▶ [Instructions for the task]: Write out exactly the lines from the one with "EditHer Stylish Flannel" through the last line of the data below, but not the pictures.

Saved data entries:
────

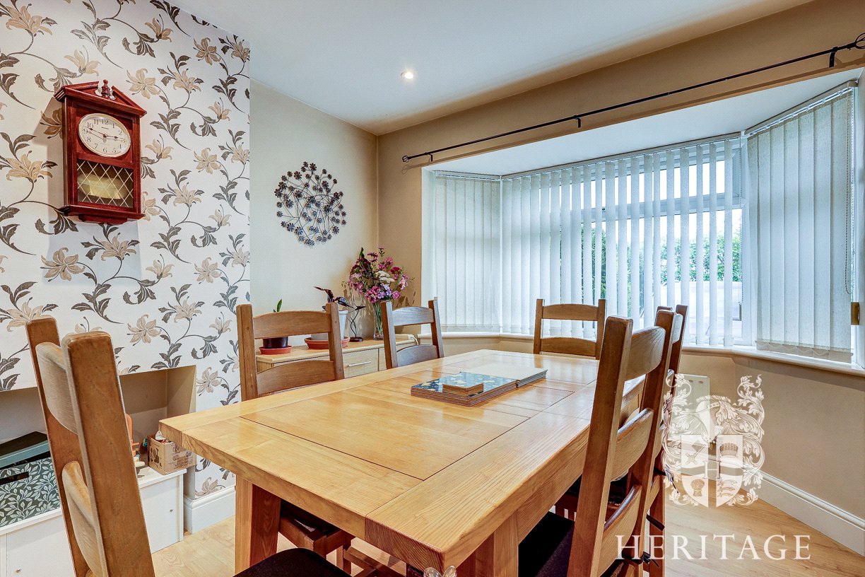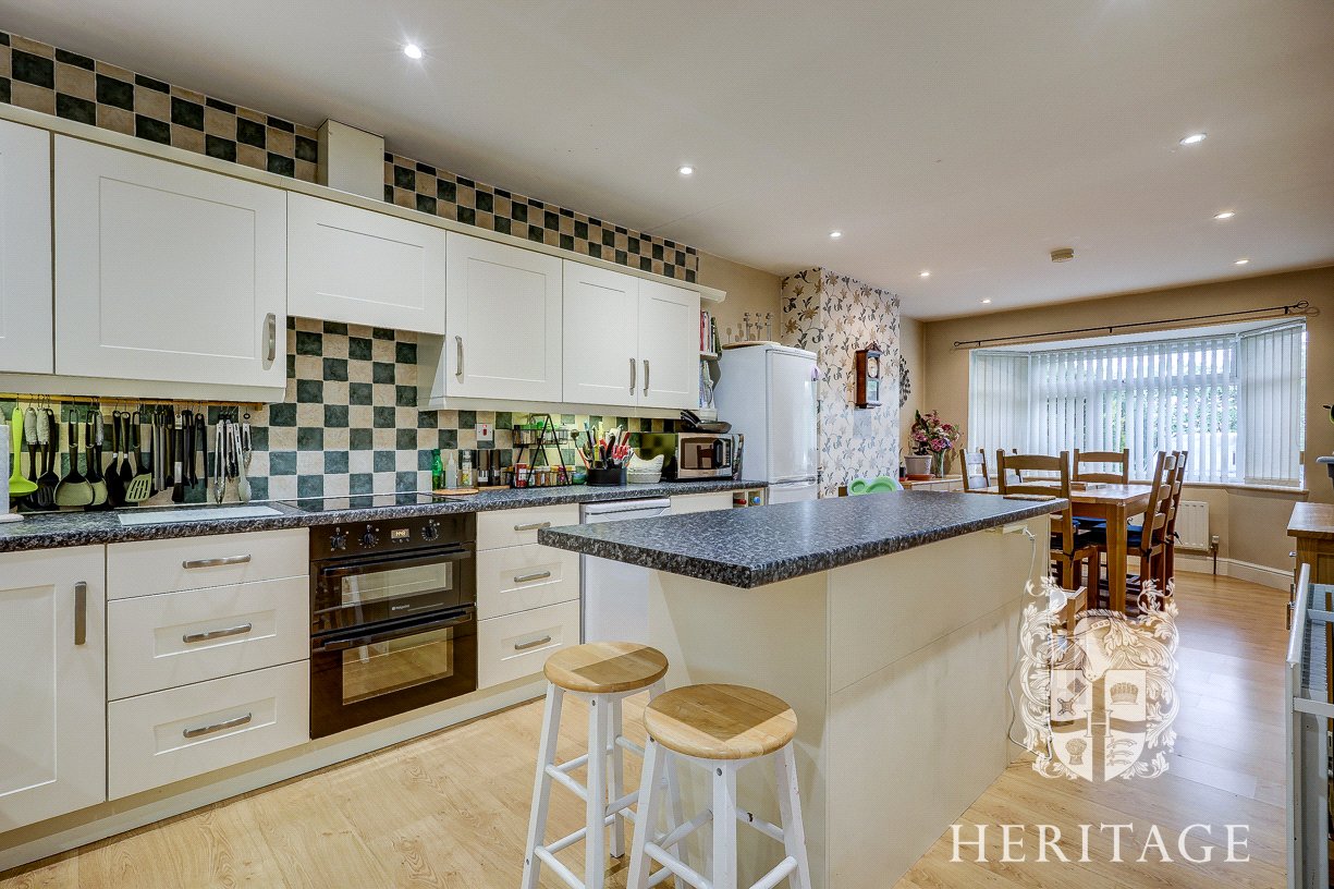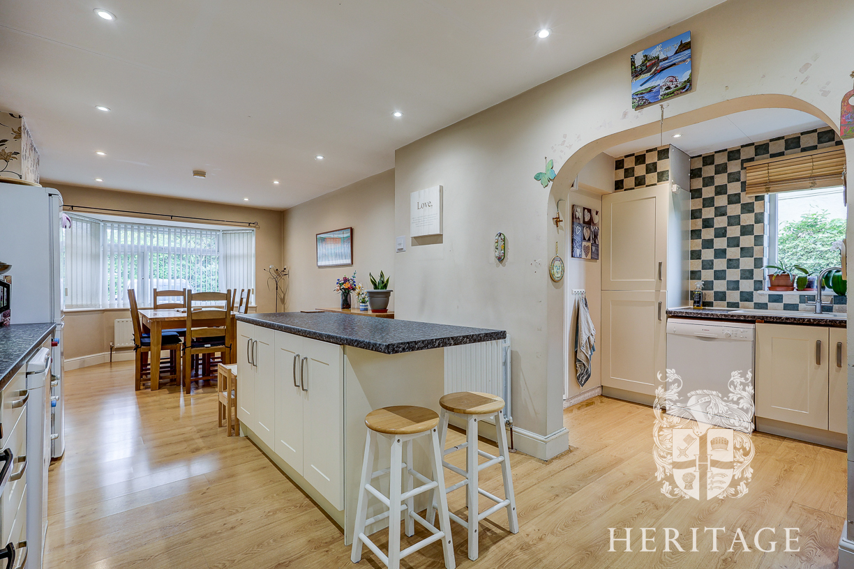 Upon entering the property, you are welcomed into a central entrance hall with stairs rising to the first-floor accommodation. The principal living space is the impressive kitchen/diner, which features an extensive range of fitted units complemented by a central island breakfast bar, creating a practical and sociable hub of the home. The dining area benefits from a charming bay window overlooking the front of the property, offering ample space for family meals and entertaining guests.
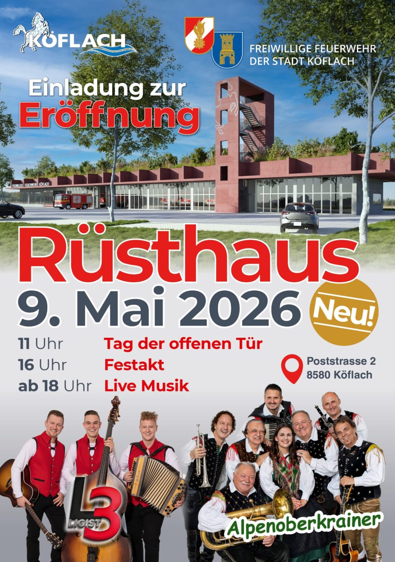 Am 9. Mai 2026 wird unser neues Rüsthaus offiziell eröffnet und seiner Bestimmung übergeben! 👨🚒
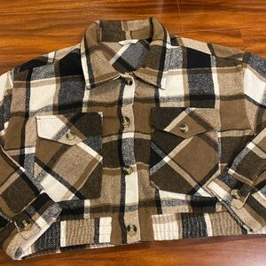 EditHer Stylish Flannel plaid button-up cropped jacket with chest pockets. Features a mix of black, white, and brown colors. Size XL 80% cotton 20% polyester New without tags
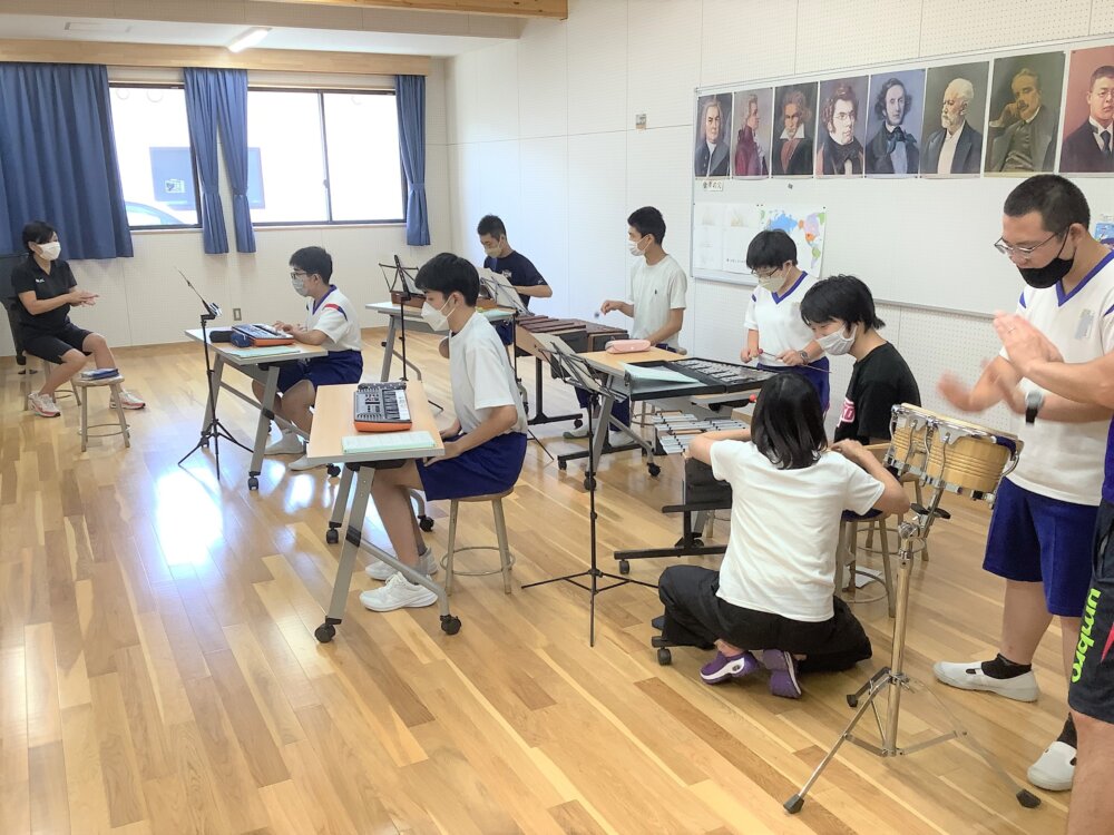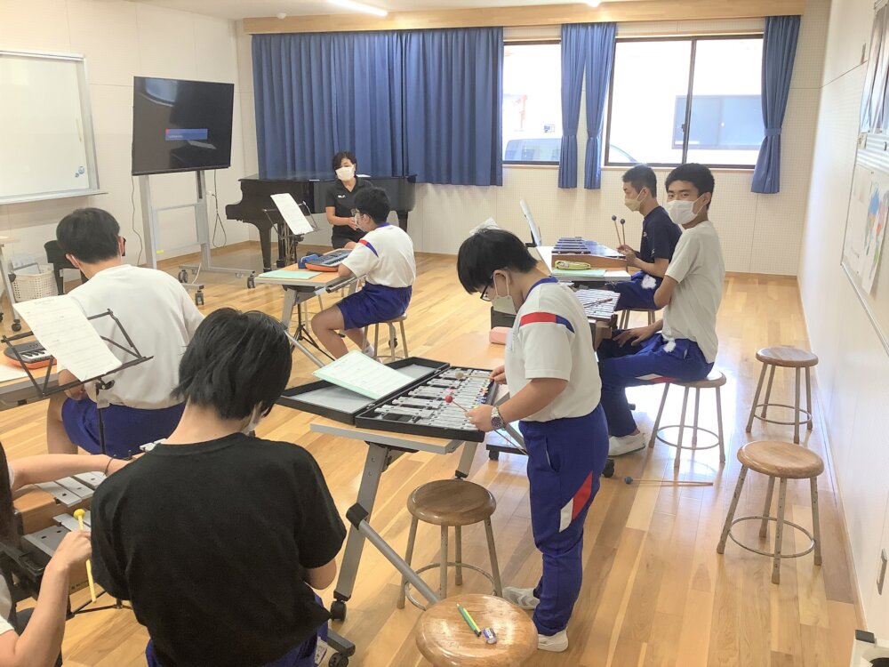 1学期最後の授業での音楽発表会!体育館は暑いため、4つのグループが各教室に分かれてリモートで発表をしました。
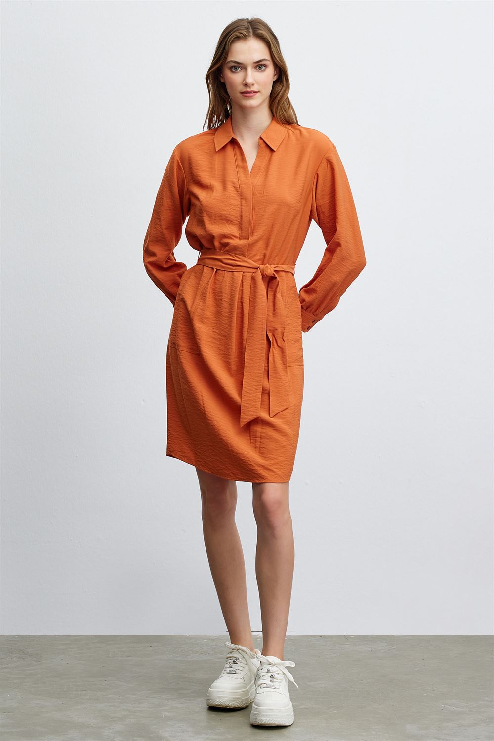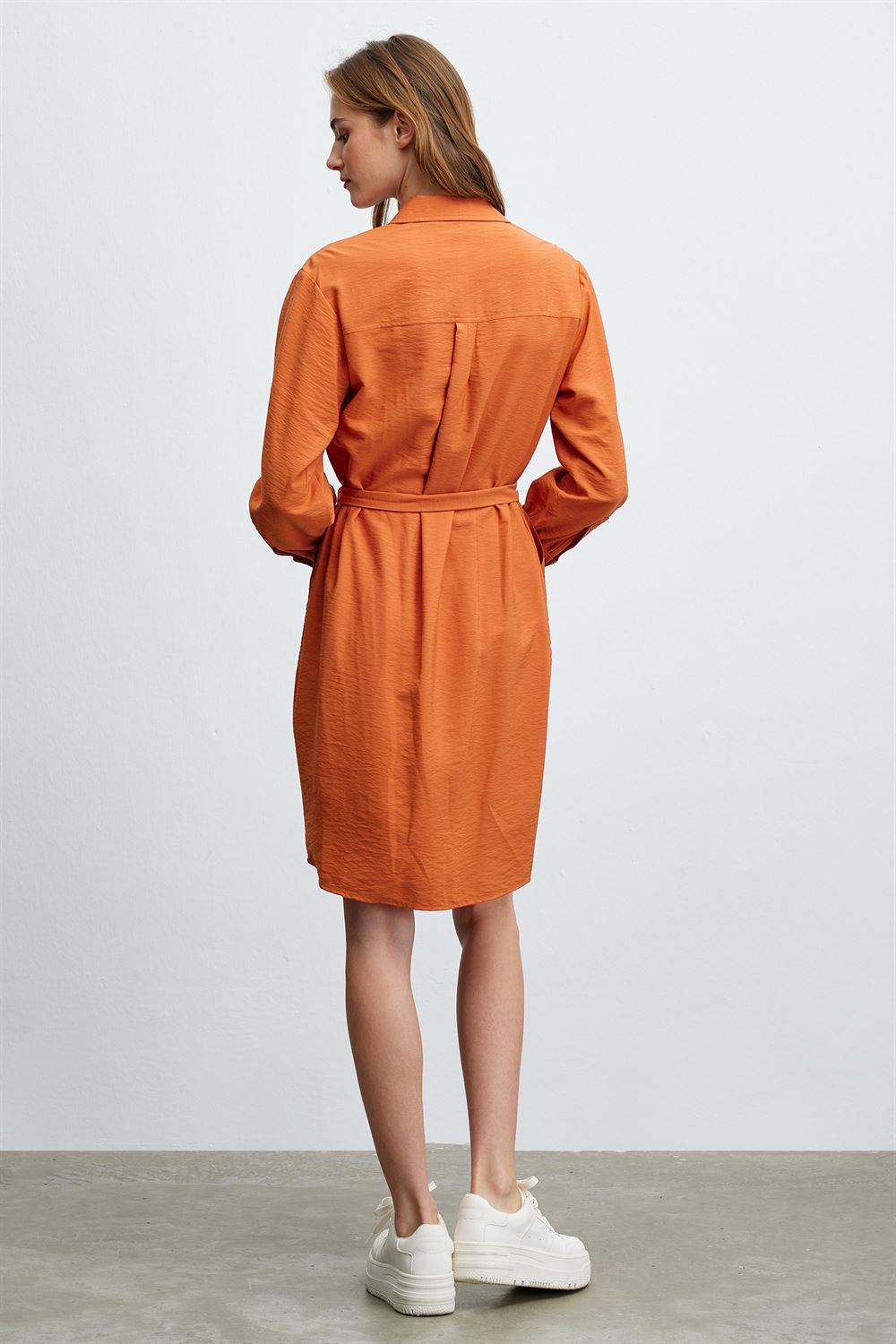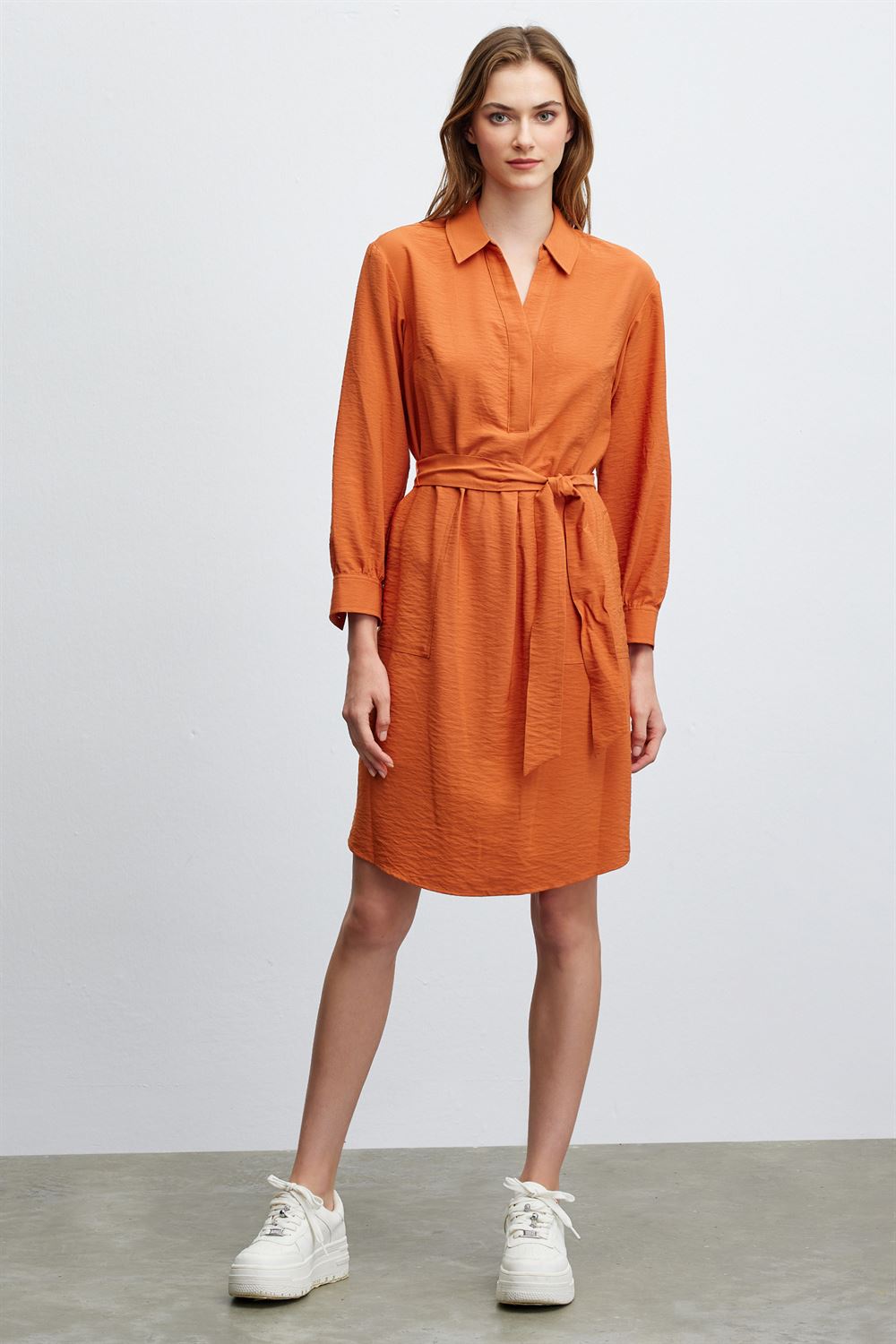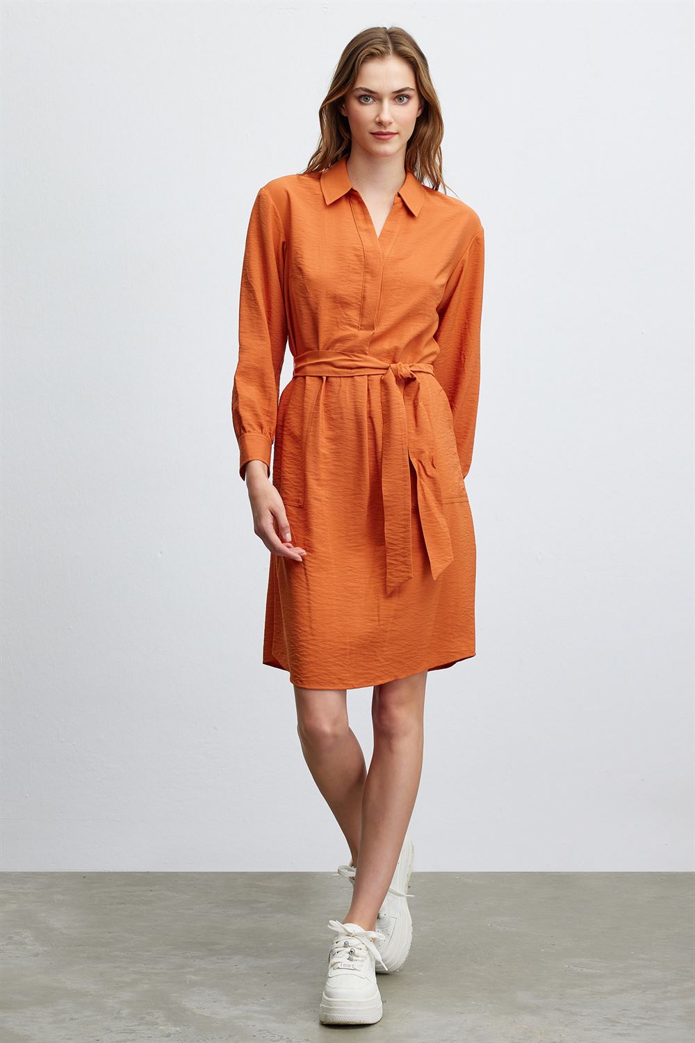 Gömlek Yaka Kuşaklı Elbise

────

▶ [Solution]:
 EditHer Stylish Flannel plaid button-up cropped jacket with chest pockets. Features a mix of black, white, and brown colors. Size XL 80% cotton 20% polyester New without tags
 1学期最後の授業での音楽発表会!体育館は暑いため、4つのグループが各教室に分かれてリモートで発表をしました。
 Gömlek Yaka Kuşaklı Elbise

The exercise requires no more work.